In this embodiment, the processing Unit 23 is a Micro Control Unit (MCU), which is also called a Single Chip Microcomputer (MCU) or a Single Chip Microcomputer, and is configured to appropriately reduce the frequency and specification of a Central Processing Unit (CPU), and integrate peripheral interfaces such as a Memory (Memory), a counter (Timer), a Universal Serial Bus (USB), an analog-to-digital (a/D) converter, a Universal Asynchronous Receiver/Transmitter (UART), a Programmable Logic Controller (PLC), a Programmable Logic Controller (DMA), a Direct Memory Access (DMA), and a Liquid Crystal Display (LCD) driving circuit on a Single Chip to form a Chip-level computer, which is configured to perform different combination control for different applications. The control is more convenient and is the preferred mode.

In this embodiment, the apparatus further includes a communication component 25 for externally sending the data processed by the MCU, and the communication component 25 is connected to the MCU. Therefore, data can be sent to a user or a cloud platform more conveniently, and the method is the preferable mode.

In the present embodiment, the communication part 25 includes a Radio Frequency (RF) element. Namely, the frequency range of the wireless signal is 300 kHz-300 GHz, and the wireless communication signal is a wireless communication signal with wide application. The wireless system is preferable because the structure can be simplified.
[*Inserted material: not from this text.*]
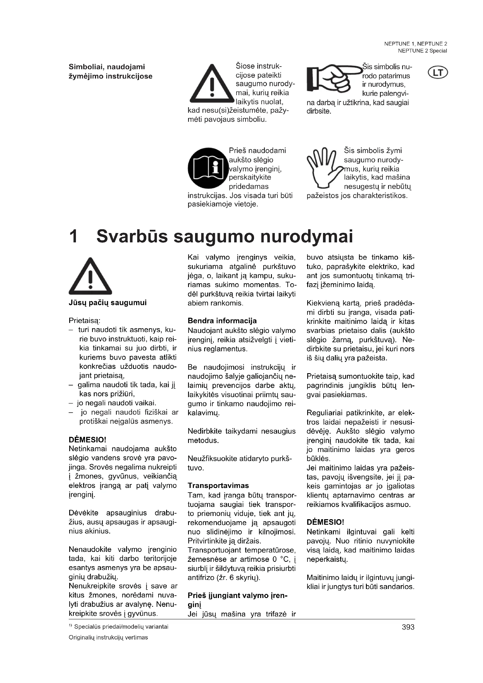 Specialūs priedai/modelių variantai Originalių instrukcijų vertimas NEPTUNE 1, NEPTUNE 2 NEPTUNE 2 Special 1 Svarbūs saugumo nurodymai Simboliai, naudojami žymėjimo instrukcijose Prieš naudodami aukšto slėgio valymo įrenginį, perskaitykite pridedamas instrukcijas. Jos visada turi būti pasiekiamoje vietoje. Jūsų pačių saugumui Prietaisą: – turi naudoti tik asmenys, ku- rie buvo instruktuoti, kaip rei- kia tinkamai su juo dirbti, ir kuriems buvo pavesta atlikti konkrečias užduotis naudo- jant prietaisą, – galima naudoti tik tada, kai jį kas nors prižiūri, – jo negali naudoti vaikai. – jo negali naudoti fiziškai ar protiškai neįgalūs asmenys. DĖMESIO! Netinkamai naudojama aukšto slėgio vandens srovė yra pavo- jinga. Srovės negalima nukreipti į žmones, gyvūnus, veikiančią elektros įrangą ar patį valymo įrenginį. Dėvėkite apsauginius drabu- žius, ausų apsaugas ir apsaugi- nius akinius. Nenaudokite valymo įrenginio tada, kai kiti darbo teritorijoje esantys asmenys yra be apsau- ginių drabužių. Nenukreipkite srovės į save ar kitus žmones, norėdami nuva- lyti drabužius ar avalynę. Nenu- kreipkite srovės į gyvūnus. Kai valymo įrenginys veikia, sukuriama atgalinė purkštuvo jėga, o, laikant ją kampu, suku- riamas sukimo momentas. To- dėl purkštuvą reikia tvirtai laikyti abiem rankomis. Bendra informacija Naudojant aukšto slėgio valymo įrenginį, reikia atsižvelgti į vieti- nius reglamentus. Be naudojimosi instrukcijų ir naudojimo šalyje galiojančių ne- laimių prevencijos darbe aktų, laikykitės visuotinai priimtų sau- gumo ir tinkamo naudojimo rei- kalavimų. Nedirbkite taikydami nesaugius metodus. Neužfiksuokite atidaryto purkš- tuvo. Transportavimas Tam, kad įranga būtų transpor- tuojama saugiai tiek transpor- to priemonių viduje, tiek ant jų, rekomenduojame ją apsaugoti nuo slidinėjimo ir kilnojimosi. Pritvirtinkite ją diržais. Transportuojant temperatūrose, žemesnėse ar artimose 0 °C, į siurblį ir šildytuvą reikia prisiurbti antifrizo (žr. 6 skyrių). Prieš įjungiant valymo įren- ginį Jei jūsų mašina yra trifazė ir buvo atsiųsta be tinkamo kiš- tuko, paprašykite elektriko, kad ant jos sumontuotų tinkamą tri- fazį įžeminimo laidą. Kiekvieną kartą, prieš pradėda- mi dirbti su įranga, visada pati- krinkite maitinimo laidą ir kitas svarbias prietaiso dalis (aukšto slėgio žarną, purkštuvą). Ne- dirbkite su prietaisu, jei kuri nors iš šių dalių yra pažeista. Prietaisą sumontuokite taip, kad pagrindinis jungiklis būtų len- gvai pasiekiamas. Reguliariai patikrinkite, ar elek- tros laidai nepažeisti ir nesusi- dėvėję. Aukšto slėgio valymo įrenginį naudokite tik tada, kai jo maitinimo laidas yra geros būklės. Jei maitinimo laidas yra pažeis- tas, pavojų išvengsite, jei jį pa- keis gamintojas ar jo įgaliotas klientų aptarnavimo centras ar reikiamos kvalifikacijos asmuo. DĖMESIO! Netinkami ilgintuvai gali kelti pavojų. Nuo ritinio nuvyniokite visą laidą, kad maitinimo laidas neperkaistų. Maitinimo laidų ir ilgintuvų jungi- kliai ir jungtys turi būti sandarios. Šiose instruk- cijose pateikti saugumo nurody- mai, kurių reikia laikytis nuolat, kad nesu(si)žeistumėte, pažy- mėti pavojaus simboliu. Šis simbolis žymi saugumo nurody- mus, kurių reikia laikytis, kad mašina nesugestų ir nebūtų pažeistos jos charakteristikos. Šis simbolis nu- rodo patarimus ir nurodymus, kurie palengvi- na darbą ir užtikrina, kad saugiai dirbsite.394

Specifically, the resistance strain gauge of the present embodiment is a full bridge strain gauge with a resistance of 1000 ohms. The full-bridge strain gage with the resistance of 1000 ohms is more sensitive and is the preferred mode.

Referring to fig. 3, a schematic circuit diagram of the present embodiment is shown in fig. 3, wherein a +3.3VDC voltage is connected to an input terminal of the strain sensor in the differential amplification circuit, and the output terminal generates a differential voltage output with a GND ground, so that data can be better acquired. The difference amplifier circuit 22 uses an AD8553 chip as an operational amplifier circuit, and outputs the strain sensor voltage amplified by 100 times to the processing unit 23.

The feedback resistor in the differential amplification circuit is used for amplifying the differential voltage generated by the deformation sensor, and the amplification factor is as follows:

the parameters of the embodiment are selected as follows: feedback resistance 2 ═ 392 k; the feedback resistance 1 is 3.92k, and the amplification factor is 200 times. This magnification is more suitable for processing by the processing means 23 and is preferred.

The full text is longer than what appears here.